色は、音階が和音をつくるように溶け合い、線は、リズムのように脈打ち、形や明るさは、メロディや音量のように高く低く、大きく小さく、動きを与えます。
この後、音楽にコード理論やリズム作法といった音楽理論があるように、視覚芸術にも理論が存在すると考えられるようになります。ミロと並ぶ抽象絵画の作家、パウル・クレーはバウハウスで教鞭を採り、カンディンスキーは『点と線から面へ』などの著作を残しました。
そして時代は、芸術家個人の内面や感覚に基づく創作から、理論に従って作成する、すなわち現代芸術へと移っていくのです。
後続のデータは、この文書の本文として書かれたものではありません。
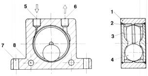 殼體兩端置有尼龍端蓋,用來定位鋼球,同時防止灰塵和水的進入,因此可使本機工作于多塵潮濕的環(huán)境中。進、出氣口均有標準管螺紋,使排氣可由管路引出,確保排氣無障。為適應不同安裝位置,本機上有4個安裝孔:兩個水平,兩個垂直。
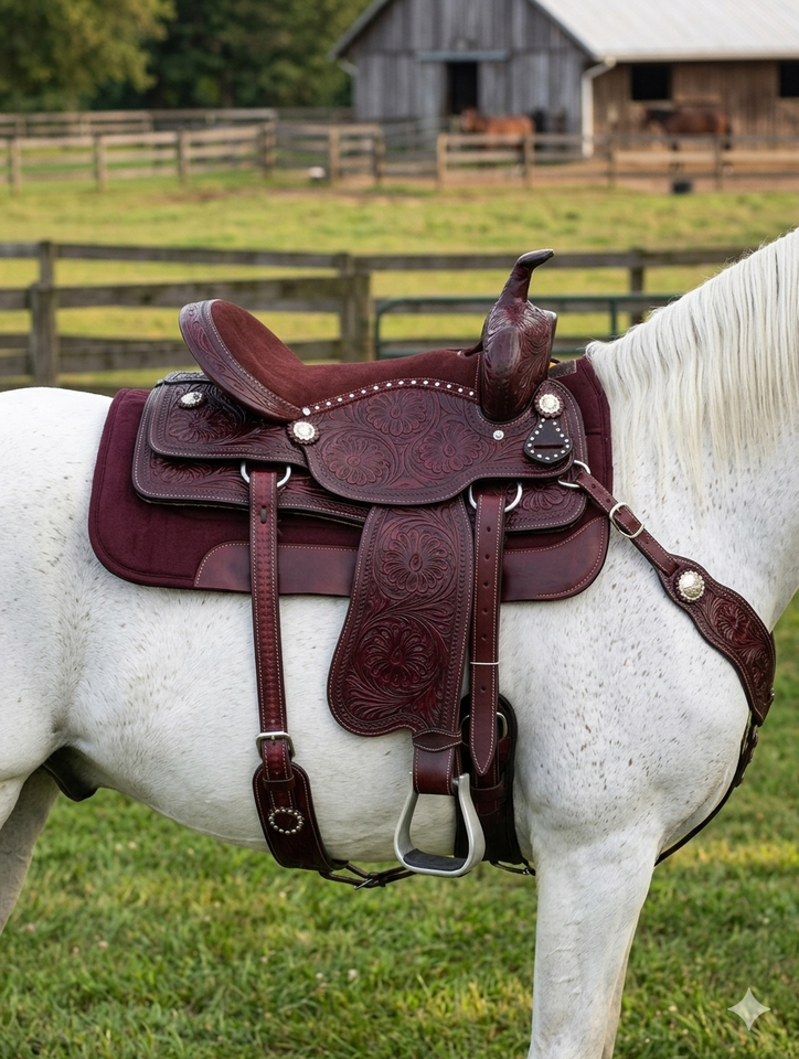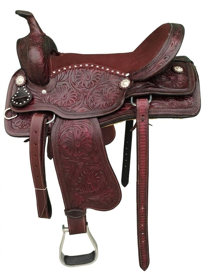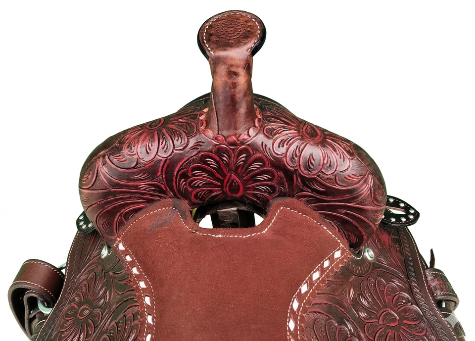 อานม้าหนังแท้แบบตะวันตกพร้อมสายรัดอกและสายรัดศีรษะ โครงอานทำจากไฟเบอร์กลาส มีจำหน่ายขนาด 15", 16", 17"
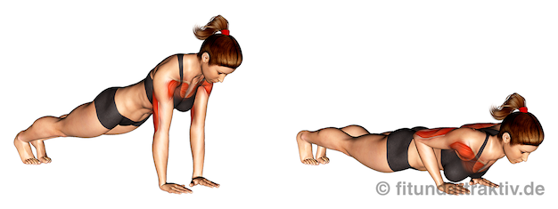 - Zielmuskeln: Ganz genau wie bei der Übung davor fordern wir in erster Linie den Trizeps bzw. die Schwabbelarme, Hanteln benutzen wir auch hier nicht. Die Brustmuskeln stärken wir an zweiter Stelle und die vordere Schulter an dritter Stelle. Schwabbelarme Hanteln
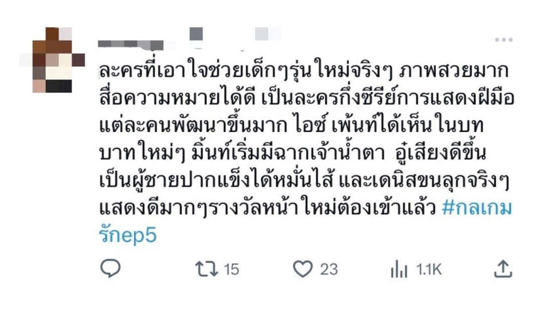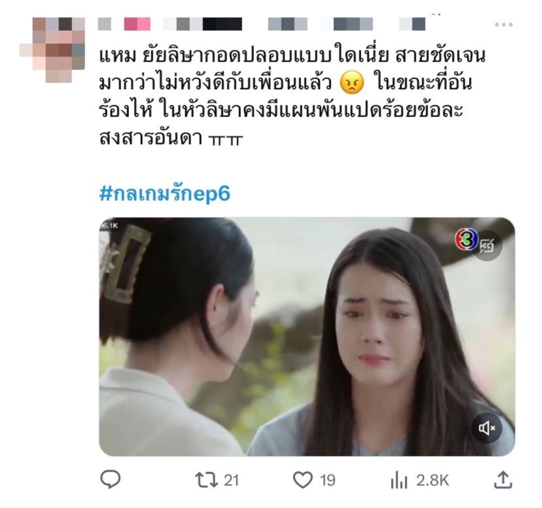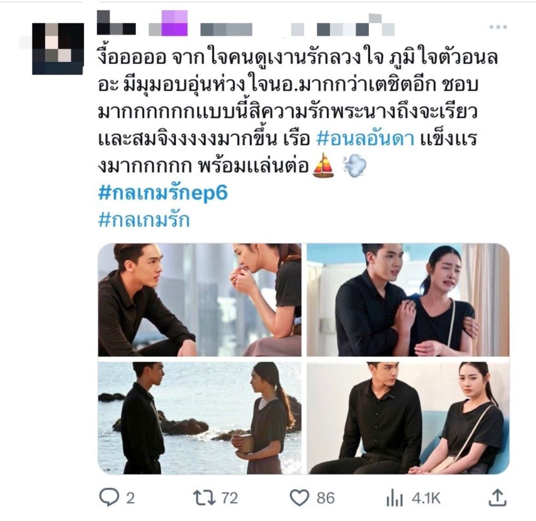 มาถึงกระแสของ “กลเกมรัก” อีพีล่าสุดสาว “มิ้นท์ รัญชน์รวี”เล่นดีอินเนอร์มาเต็ม ยกมงให้เป็นนางเอกเจ้าน้ำตาไปเลยจ้า เพราะทำคนดูรับแรงกระแทกของความรู้สึกเศร้าจนหลั่งน้ำตาสงสารตามตัวละครอันดาอย่างมากที่ต้องสูญเสียคนที่รักไปถึงสองคนแถมมูลนิธิบ้านสายชลบ้านเพียงหลังเดียวของเด็กกำพร้าอย่างอันดายังต้องถูกปิดตัวลงเพราะเหตุไฟไหม้อีก ในระหว่างที่ทำคนดูร้องไห้ปวดตับก็ต้องปรับโหมดมาจิ้น อนล(อู๋ กิตติภณ)กับ อันดาเพราะอนลถึงแม้จะปากไม่ตรงกับใจแต่ก็คอยดูแลอันดาไม่ห่าง และด้วยเคมีความเป็นห่วงเป็นใยทำให้“อู๋-มิ้นท์”ถูกยกเป็นคู่จิ้นคู่ใหม่ของวงการและหลังจากนี้เรื่องราวก็กำลังนำพาทั้งคู่มาพัวพันกันมากขึ้น ต้องมาทำงานร่วมกัน อยู่ใกล้ชิดกันในคอนโดเดียวกัน จนอาจเป็นบ่อเกิดของความรัก เรียกได้ว่าเตรียมรอเสพโมเมนต์จิ้นฟินกระจายของคู่นี้ได้เลย แต่ก็อย่าลืมเผื่อใจเชียร์ภีม (ไอซ์ ภาณุวัฒน์)พ่อหนุ่มสุดละมุนที่พร้อมพิชิตใจอันดาอีกคน เรื่องความฟินความจิ้นก็กำลังจะทำงานต่อเนื่อง ฟากความริษยาอิจฉาก็กำลังทำงานสูงสุดทำ ลลิษา (เดนิส เจลีลชา) เพิ่มเลเวลความร้ายแบบไม่มีขีดจำกัดและพร้อมสวมรอยเป็นลูกเศรษฐีอย่างรมิตา(ไก่ สุปราณี)แทนอันดา เรียกได้ว่าสาว “เดนิส เจลีลชา” ถ่ายทอดบทบาทนี้ได้ปังมาก ยกให้เป็น MVP นางเอกสุดร้ายไปเลย ทำตัวละครลลิษาน่าหยุมหัวสุด ๆ!

近代絵画を学ぶことで、古典絵画や現代芸術まで理解できる、そのガイドブック。
ここまで読ませておいて、こんなコト言うのはアレですが、
色々と間違っているますね。自分で書いてて、おかしいなと思う事ばっかり。
こんな風に、文字にしてみると、自分の理解と誤解の度合いが見えてきます。何を学ぶにしても有効な方法。
ただ、近代絵画は、書籍も展示も多い。そして誰もが、芸術と言って大概の日本人が思い浮かべる、ゴッホだのモネだのルノアールだのは、みんな近代絵画の芸術家というわけで、芸術や美術について学び始めようというのなら、やはり近代絵画から入るのが一番捗るんじゃないかと思います。
近代絵画を学べば、それと比較することで、古典絵画や現代芸術の理解はずいぶん分かりやすくなるでしょう。
そんな、古典と現代の間の美術についての入門に、この本は最適なのではないでしょうか。